There are many more plants within this family, so its very important to be sure of identification.  Some are very easy – Alexanders – its very tall in the hedgerow very early, bright (almost lime) green stems and flowers.  Hogweed -its rought stems and large leaves are quite different from most of its relations.

Others are more simular – Cow Parsley and Sweet Cicely look quite simular, but rub the leaves of the latter and the smell is very aromatic (appartently its like myrrh giving its latin name as Myrrhis odorata), both plants can be used in mixed salads.  The seeds of Sweet Cicely can also be used as a flavouring.

I’m pretty good at my identification of most wild flowers, but last summer I spotted a patch of Umbellifers I didn’t recognise and wanted to identify them, I picked a stem or two and tok them home.  I poured over my collection of Wild Food, Herb and Wild Flower books, I couldn’t tell, I took the books back to the location with me, I still couldn’t tell.  I had it down to a choice of two or three from the 50 or so choices, but I had to leave it as an unidentified mystery.  Needless to say I didn’t try eating it!

The differences between Cow Parsley and Hemlock are obvious when conforted with both and a comparison is possible  or the forager is experinced.  The Cow Parsley’s leaves are delicate, soft green, down-y, the stems are gently hairy and either green-ish or purple-ish or greeny-purple-ish.  The decription of Hemlock is much the same, pictures in books (photos or drawn) are not completly clear (in fact in the 2001 colour edition of Richard Mabey’s book ‘Food for Free’ he has a picture of Hogweed labelled as Hemlock!!) Hemlock’s leaves are a slightly darker green and a little bit glossier, a bit thicker cut, the stems are smooth, and green-ish with purple-ish flecks.  Very subtle differences!
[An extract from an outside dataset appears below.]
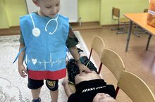 Цель: Ознакомление детей с профессией врача, а также их заботливое отношение к детям и людям.

Hemlock was used at least since the Greeks as a poison (Socrates was executed using Hemlock juice).  One of Cow Parsley’s old names is Mother Die.   The most dire warnings are given to ensure that a poisonous plant is not confused with an edible one, please heed them!  If in doubt, don’t pick it!

Garlic Mustard

Well, the bank holiday weather was not as bad as it was forecast, but I still got quite cold when out cycling today with my friend Alison.  We took a back lane route over the hills and far away (we also had a short detour around a housing estate  – I don’t think she will ever trust me to navigate again!).  There was so many wild flowers en route including Bluebells – what a fabulous site they are – swathes of Wood Anemones and Marsh Marigolds (my own special favourite) plus we actually saw Snakes Head Fritillaries (my first time ever!).

On the way home I picked a huge buch of Garlic Mustard (also known as Jack by the Hedge of Hedge Garlic).  I stuffed and wrapped mackeral in it for dinner.  Lightly oil foil and fish, stuff leaves in cavity, wrap fish in leaves and foil, cook in oven for 20 -30 mins, unwrap leaves and foil – eat – simple!